EXERCISE DATA:
[Start of section]

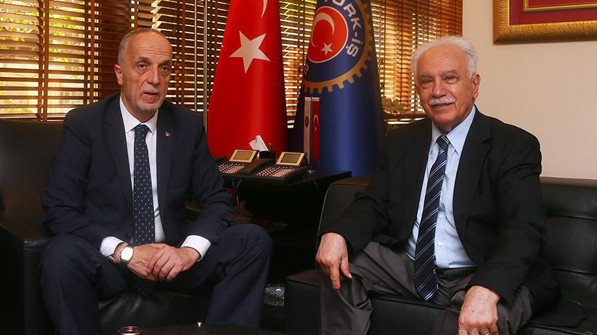 Vatan Partisi Genel Başkanı ve cumhurbaşkanı adayı Doğu Perinçek, Türkiye İşçi Sendikaları Konfederasyonu (Türk-İş) Genel Başkanı Ergün Atalay'ı sendika genel merkezinde ziyaret etti. Perinçek, terör örgütleri FETÖ ve PKK'ya karşı mücadelede Türk-İş'in önemli sınavlar vererek örnek bir tavır aldığını söyledi.
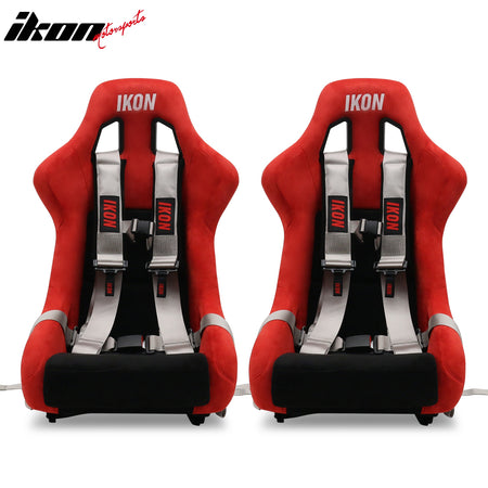 Universal Racing Bucket Seats W/4 Point 3" Belt Harness Grey
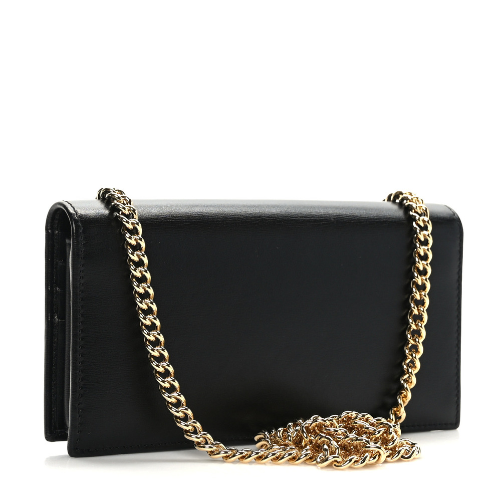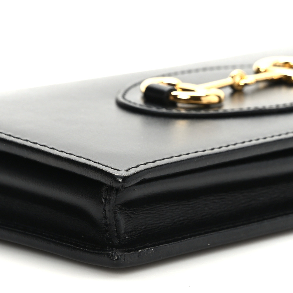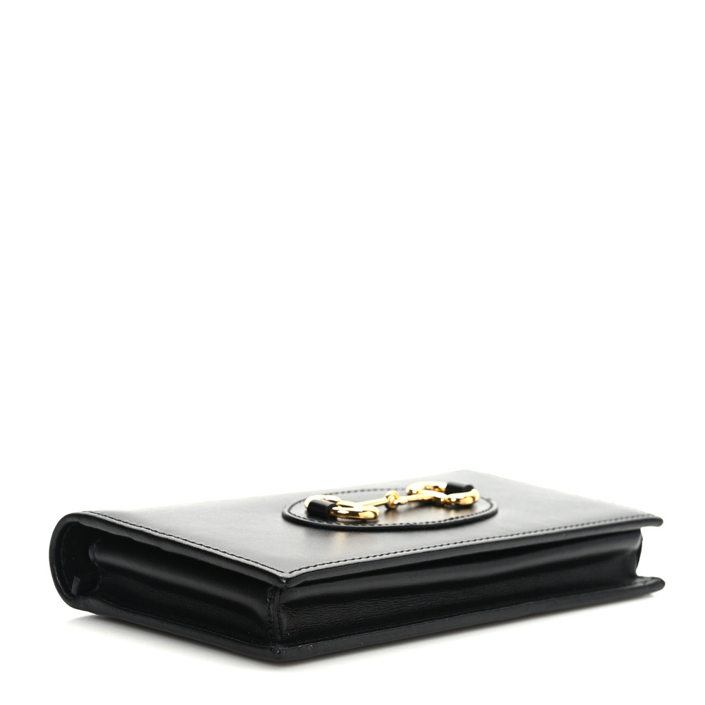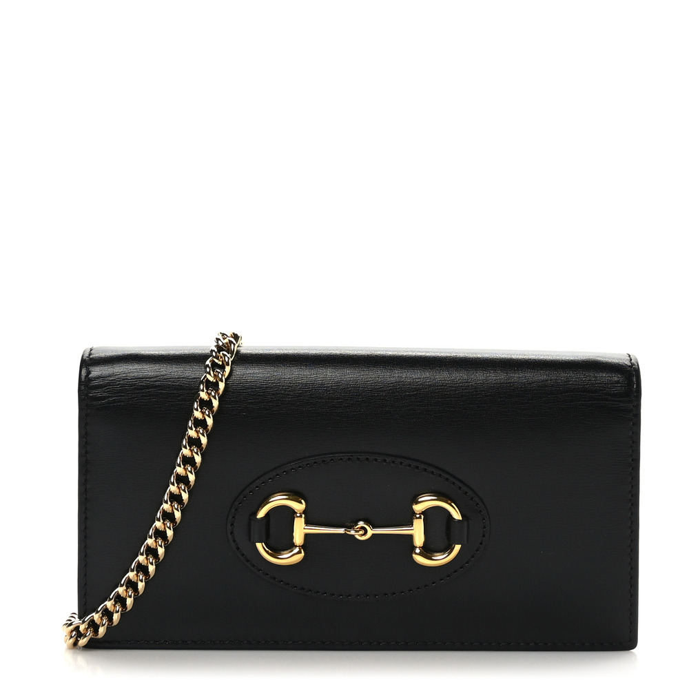 The chain wallet in GG Supreme canvas and leather is introduced as part of the Gucci Horsebit 1955 accessories collection, defined by the double ring and bar design also found in Handbags. The folded snap-closure shape features several card slots and pockets, completed with a detachable chain strap.

[End of section]

EXERCISE: All of the data above should be printed again exactly, though none of the pictures belong in the copy.

TASK RESPONSE:
 Vatan Partisi Genel Başkanı ve cumhurbaşkanı adayı Doğu Perinçek, Türkiye İşçi Sendikaları Konfederasyonu (Türk-İş) Genel Başkanı Ergün Atalay'ı sendika genel merkezinde ziyaret etti. Perinçek, terör örgütleri FETÖ ve PKK'ya karşı mücadelede Türk-İş'in önemli sınavlar vererek örnek bir tavır aldığını söyledi.
 Universal Racing Bucket Seats W/4 Point 3" Belt Harness Grey
 The chain wallet in GG Supreme canvas and leather is introduced as part of the Gucci Horsebit 1955 accessories collection, defined by the double ring and bar design also found in Handbags. The folded snap-closure shape features several card slots and pockets, completed with a detachable chain strap.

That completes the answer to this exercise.